= Montreal Barbarians =

Rugby club in Quebec

The Montreal Barbarians Rugby Club is Rugby Quebec's second oldest member currently fielding one men's team and one women's team. The club, established in 1953, offers an opportunity for rugby players of all abilities to participate against opposition of equal ability

==History==
The club was formed in 1953 when players who felt excluded from the Westmount Rugby Club, then known as the somewhat exclusive Montreal Scottish, decided they wanted their own team and one that was not based in the downtown. As one of the founding members, Chuck Bethel, recalls, the team first played on a huge field in Saint-Chrysostome, Quebec, but as that was somewhat distant, they moved to the West Island of Montreal. "The club played home games at Rive and Riverdale parks, but eventually moved to its present summer location at Westwood Park in Dollard."

Initially the club played in the St. Lawrence Rugger and Cricket Association, but joined the Quebec Rugby Federation (later Rugby Quebec) in 1957 and was the first provincial champion. Quebec titles followed in 1963 and 1965, and in '64 and '65 the Barbs were back to back Eastern Canadian Champions. A player of note, Ray Cornbill captained the 1964 championship team, later going on to be coach of the US Eagles national team.

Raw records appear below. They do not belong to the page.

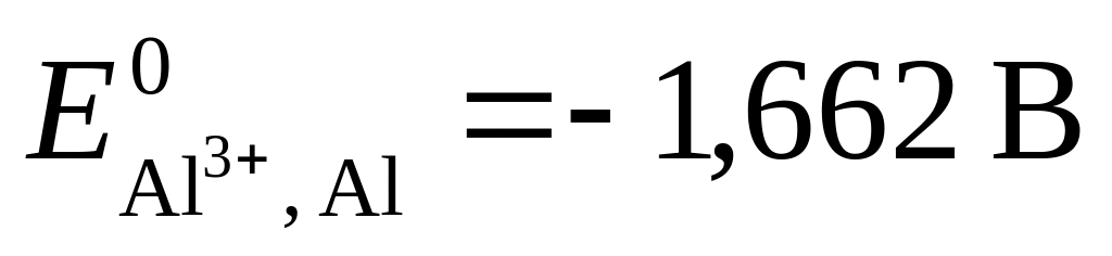 По значениям стандартных электродных потенциалов определяем, что алюминиевый электрод является анодом, на котором идет процесс окисления
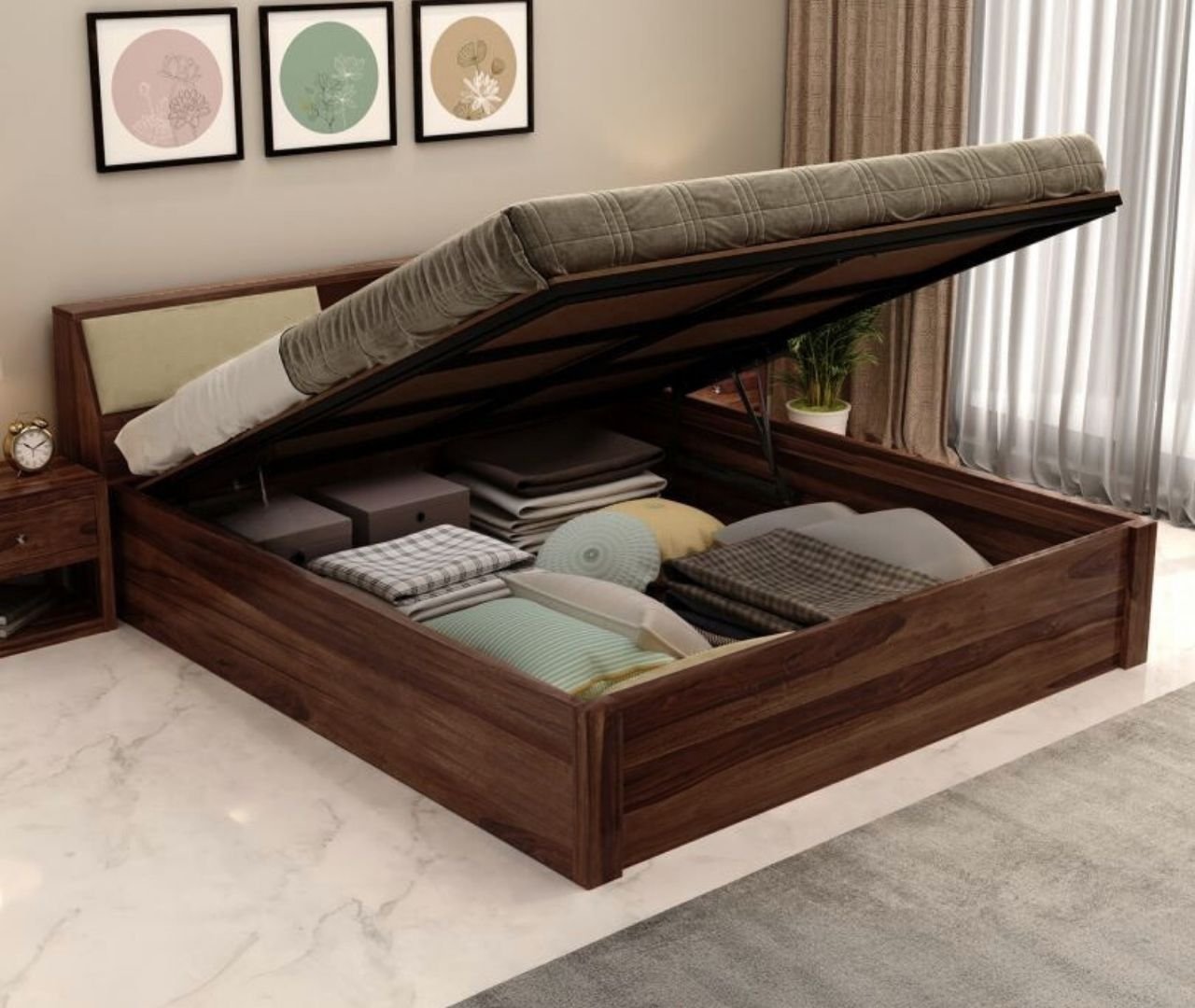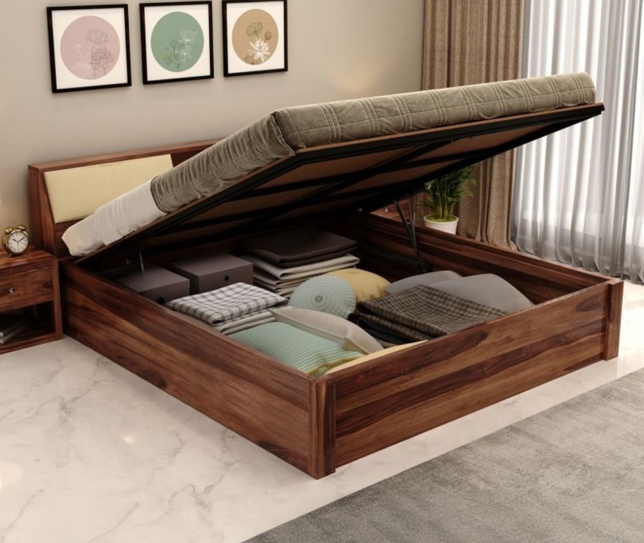OakNest Hydraulic Storage Queen Bed – Teak Finish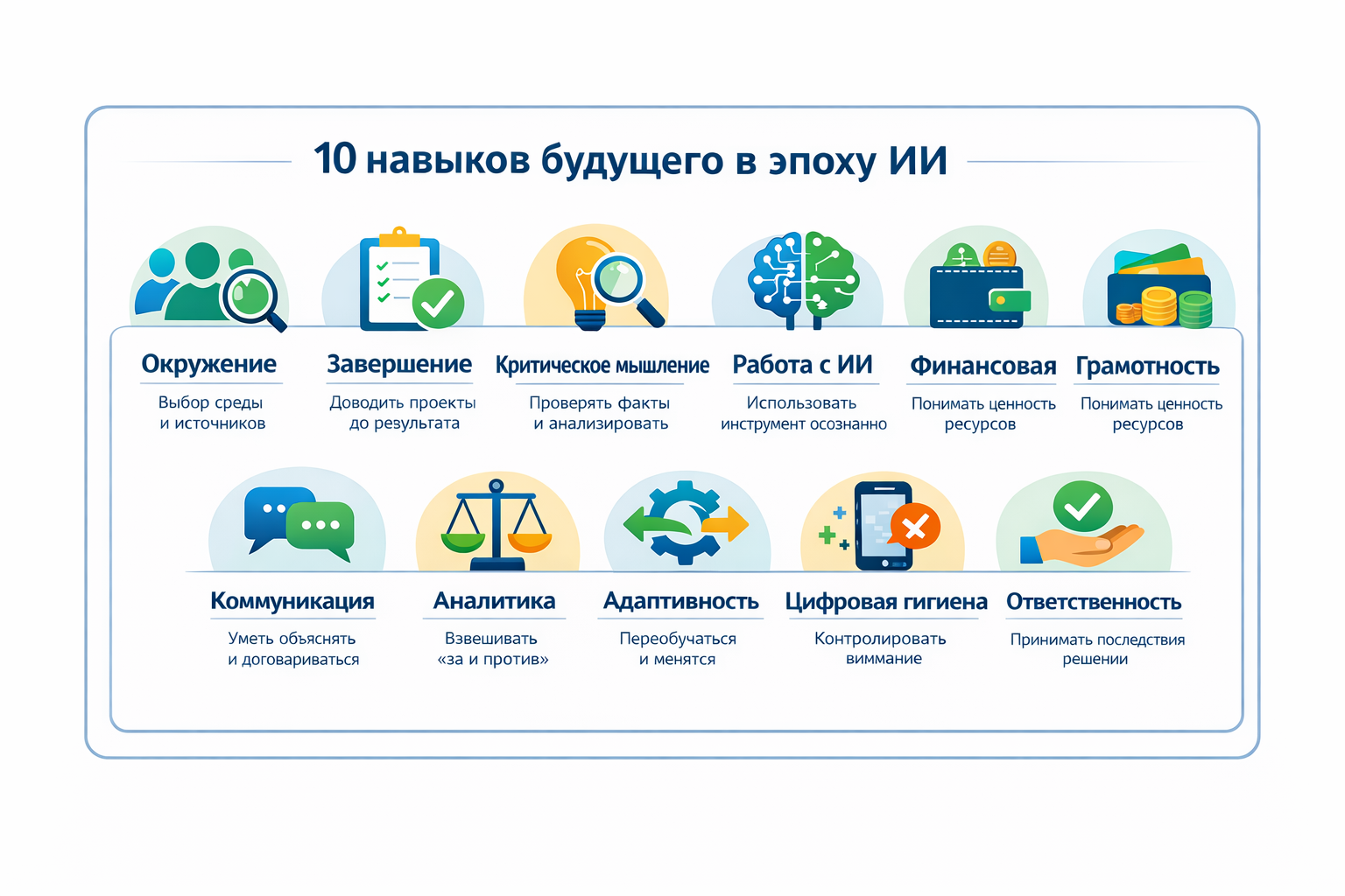 Навык переобучения становится важнее одного диплома. Технологии будут меняться, профессии — тоже. Умение осваивать новое, не «ломаясь» от изменений, — ключевой ресурс.

The club's true glory days were later, between 1997 and 2006, when they won the championship nine times in ten seasons, a feat only equaled, previously, by Ste Anne de Bellevue RFC.

The Barabarians also have one of the oldest women's side in Quebec. Formed in 1991, they have won the provincial championship in 2004, 2006, and 2012.

==Women's team seasons==
SOURCE

| Season | Division | W | T | L | PF | PA | TF | TA | Pts | Finish | Result |
|---|---|---|---|---|---|---|---|---|---|---|---|
| 2017 | Super | 3 | 0 | 7 | 186 | 402 | 31 | 65 | 17 | 5th |  |
| + | First (II team) | 2 | 0 | 8 | 135 | 291 | 53 | 74 | 13 | 8th |  |
| 2018 | Super | 0 | 0 | 10 | 57 | 652 | 9 | 101 | 0 | 6th |  |
| + | Third (II team) | 2 | 0 | 8 | 160 | 377 | 27 | 63 | 12 | 5th |  |
| 2019 | First | 3 | 0 | 7 | 213 | 506 | 35 | 82 | 16 | 4th |  |
| + | Cup | 0 | 0 | 1 | 0 | 58 | - | - | - | - |  |
| 2021 | ??? | - | - | - | - | - | - | - | - | - |  |
| 2022 | First | 3 | 0 | 2 | 122 | 165 | 22 | 27 | 16 | 7th |  |
| + | Cup | 0 | 0 | 1 | 20 | 48 | - | - | - | - |  |
| 2023 | First | 0 | 0 | 8 | 58 | 506 | 10 | 88 | 1 | 5th |  |
| 2024 | Second | 5 | 1 | 1 | 333 | 142 | 54 | 23 | 29 | 3rd |  |
| + | Cup | 0 | 0 | 1 | 17 | 34 | - | - | - | - |  |
| 2025 | Second | 1 | 0 | 9 | 172 | 414 | 28 | 64 | 8 | 8th |  |
| 2026 | Second | 5 | 0 | 5 | 199 | 291 | 32 | 38 | 25 | 3rd |  |
| + | Cup | 0 | 0 | 1 | 12 | 55 | - | - | - | - |  |

Note - league competition was halted in 2020 and 2021 due to covid.

==Men's team seasons==
SOURCE

| Season | Division | W | T | L | PF | PA | TF | TA | Pts | Finish | Result |
|---|---|---|---|---|---|---|---|---|---|---|---|
| 2017 | Developmental | 8 | 0 | 2 | 491 | 153 | 73 | 24 | 42 | 1st | League champ |
| + | Cup | 2 | 0 | 0 | 45 | 36 | - | - | - | - | Cup champ |
| 2018 | Third | 1 | 0 | 8 | 163 | 455 | 23 | 72 | 6 | 6th |  |
| 2019 | Third | 2 | 0 | 6 | 164 | 319 | 26 | 51 | 13 | 4th |  |
| + | Cup | 0 | 0 | 1 | 0 | 36 | - | - | - | - |  |
| 2023 | Third | 0 | 0 | 8 | 33 | 546 | 5 | 86 | 0 | 9th |  |
| 2024 | Third | 1 | 1 | 7 | 91 | 542 | 16 | 88 | 6 | 5th |  |
| 2025 | Third | 0 | 0 | 10 | 44 | 558 | 7 | 83 | 0 | 6th |  |
| 2026 | Third | 0 | 0 | 9 | 5 | 474 | 1 | ? | 0 | 5th |  |

Note - league competition was halted in 2020 and 2021 due to covid, and the team did not field a squad in 2021 and 2022.